Чешская и словацкая драматургия первой половины XX века (1918—1945). Том первый - Иржи Маген
А л е ш. О нет. Любовь не обманете, она ясновидяща. Я ясно вижу вашу душу… смотрю в нее, как в горное озеро… Вы страдаете!
Ф р а н т и ш к а. Ребенок, вы видите мою душу? (Смеется невесело.) И что вы там видите?
А л е ш (медленно). Оплеванную, израненную душу человеческую, съежившуюся в слезах в самом темном уголке… стыдящуюся божьего света.
Ф р а н т и ш к а (бросается ему в ноги и разражается рыданиями). Разрешите поцеловать вашу руку, паныч. Душу человеческую вы освободили в ту минуту, как назвали по имени ее горе. Вы добрый, вы чистый, вы единственный мужчина в этом доме. Остальные… остальные… работорговцы и даже хуже — душегубы. Умерщвляют душу, чтобы торговать телом.
А л е ш (взволнованно). Что, ч-что случилось? Мама вас мучила? К-как это произошло? И почему я не был при этом, чтобы вас защитить?
Ф р а н т и ш к а. Нет, нет, не мучила. Это не то слово. Оскорбила и унизила меня так, что невозможно больше унизить человека.
А л е ш. К-как, как… Я должен знать. Должен принять меры. Я н-не могу пройти мимо, иначе я становлюсь соучастником.
Ф р а н т и ш к а. Не надо вам знать, паныч. Это вас очень огорчит. (Не в силах больше сдерживаться, падает к его ногам.) Почему вы меня не уберегли? Обещали беречь меня — и не уберегли.
А л е ш (широко открывает глаза, ничего не понимает). Я вас не уберег? Я… К-как? От кого?
Ф р а н т и ш к а (едва слышно). От Риши.
А л е ш. Что? Я правильно слышал? Я опоздал? А ведь вы м-мне клялись, что между вами ничего нет.
Ф р а н т и ш к а. Тогда еще не было. Но через пятнадцать минут после вашего ухода пришел он. И тогда это случилось. Вы словно предчувствовали, окликнули меня в ту минуту своей скрипкой, дали о себе знать своим выкриком. Но он оказался сильнее вас… и вашей песни.

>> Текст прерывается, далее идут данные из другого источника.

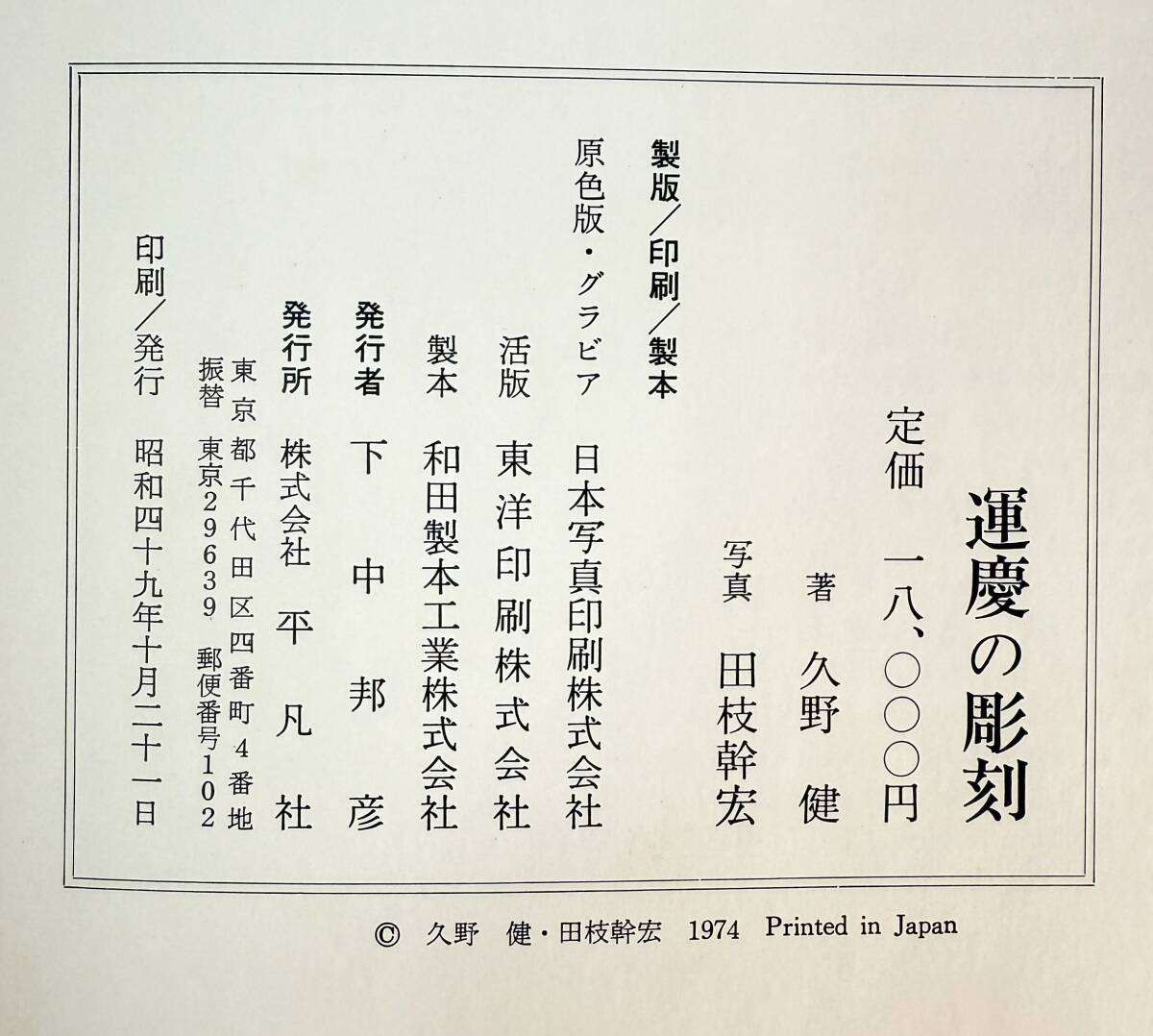 『運慶の彫刻』久野健 田枝幹宏 昭和49年 仏師運慶の傑作106点掲載した一冊 仏像 仏教美術 木彫 古本

А л е ш. Т-тогда это с-с-случилось? И он оказался с-с-сильнее меня и м-м-моего искусства? (Возбужденно.) Тогда зачем оно? Чем оно объяснит свое существование? Если оно н-не может бороться со злом, не может его п-п-поразить? Проклятье ему! К дьяволу его! Зачем тогда жили Бетховен, и Бах, и Моцарт, и Дебюсси, и все эти великие души, если такое возможно? Бесцельно жили, б-б-бесполезными умерли. Проклятье им! Р-р-разобью свою скрипку, р-р-разорву свои ноты… оболью керосином и подожгу их творения — они н-н-не нужны. (Опускается на стул, закрывает лицо руками и горько плачет.)
Ф р а н т и ш к а. Как мне жаль вас, пан Алеш. Выразить не могу, как жаль. Когда вижу вас рядом, убитого горем, одно человеческое несчастье… возле другого. О себе забываю, лишь бы могла вас утешить. Какие мы все убогие — мы, слабые. Взваливают на нас бремя, пока мы не падаем под его тяжестью. Чем ты слабее, тем тяжелее бремя взваливает на тебя жизнь.
А л е ш. Нет… не говорите так. Мы будем сильными, мы воспротивимся, и сразу все изменится. Я… я вынесу этот удар судьбы… ради вас вынесу.
Ф р а н т и ш к а. И вы не гневаетесь на меня? Не вините меня? Не опротивела я вам? Не чувствуете ко мне отвращения?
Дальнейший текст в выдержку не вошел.